For this to be possible, it is therefore important that you can document your processing of personal data, including: collection, registration, storage, adjustment or modification, recovery, use, transmission, linking or integration, limitation, deletion or destruction. This means that the first and largest step towards living up to the new General Data Protection Regulation is that you map and document where, how, when and by whom your data is processed.

The 7 principles of the regulation

Lawful, fair and transparent processing
Consent and information about the controller shall be given and processing of data must be available

Purpose limitation
A specific purpose for the collection of data must exist

Data minimization
The company only collects data which is relevant

Accuracy
Data must be updated to ensure that the information is always correct

Storage limitation
Data shall only be stored as long as it is necessary

Confidential and secure​​​​​​​
Data must be processed confidentially and reliably

Accountability and liability
The company is responsible for compliance of the principles and the burden of proof rests with the company

GDPR

Checklist from DI Digital

To help companies with an overview of the new General Data Protection Regulation, DI Digital has developed a checklist with questions related to the most important issues. It is therefore important that you can answer these questions:

1. Are you subject to the regulation?

2. Is the information that you want to process subject to the regulation; is the information to be considered personal data?

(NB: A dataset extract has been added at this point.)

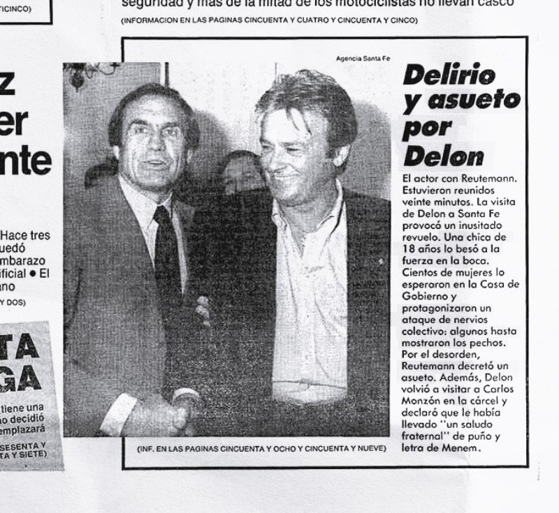 También ese 5 de agosto de 1993, un rato antes, Delon visitó en la Casa Gris al entonces gobernador Carlos Reutemann. Ambos mantuvieron un encuentro “cercano a 40 minutos”.

3. What categories of personal data do you want to process?

4. What processing operations do you want to make?

5. Do you play a role as controller or processer in relation to the specific processing operations?

6. Do you have a legal basis to process the requested categories of personal data?

7. Do you fulfil the principles for processing the data?

8. Is the processing required (proportional)?

9. Can you handle information in a less intrusive way and still achieve the purpose?

10. Do you fulfil the rights of data subjects when processing personal data?

11. Do you fulfil your obligations (including transfer and security) by processing personal data?

12. Do special conditions apply for your processing of personal data?

At www.di.dk/persondata, DI also offers a number of specific tools to help companies implement the General Data Protection Regulation and the various items in the checklist.

This is how we help our customers

In Hesehus, we would like to help our customers get ready for the new legislation by preparing an analysis of the personal data you are in possession of through our solution. The analysis contains the following:

  • mapping of personal data and who has access to it – including third party integrations.
  • identification of areas which do not live up to the regulation at present – including consent for the collection of data and deletion, export and filling of data.
  • review of technical and organisational protection – including division of responsibilities in practice.

Based on the analysis, we prepare a report for you which contains documentation of the above-mentioned items and recommendations for necessary changes such as the handling of the use of third party software, division of user access and similar allowing you to live up to the new General Data Protection Regulation.

Furthermore, we will of course also help you with the preparation of a data processor agreement between you and us as a supplier. The purpose of the data processor agreements is to ensure that the requirements, which you have to comply with as controller, are satisfied and apply to your suppliers.

The countdown has started!

New legislation can be a handful and it often ends up being postponed because it is time-consuming to get acquainted with – but a lot of money can be at risk.

Companies that do not comply with the new General Data Protection Regulation on 25 May 2018 may risk fines of up to 4% of the annual turnover or a maximum of EUR 20 million.

It is therefore important that you get an overview of the new rules and what they mean to you.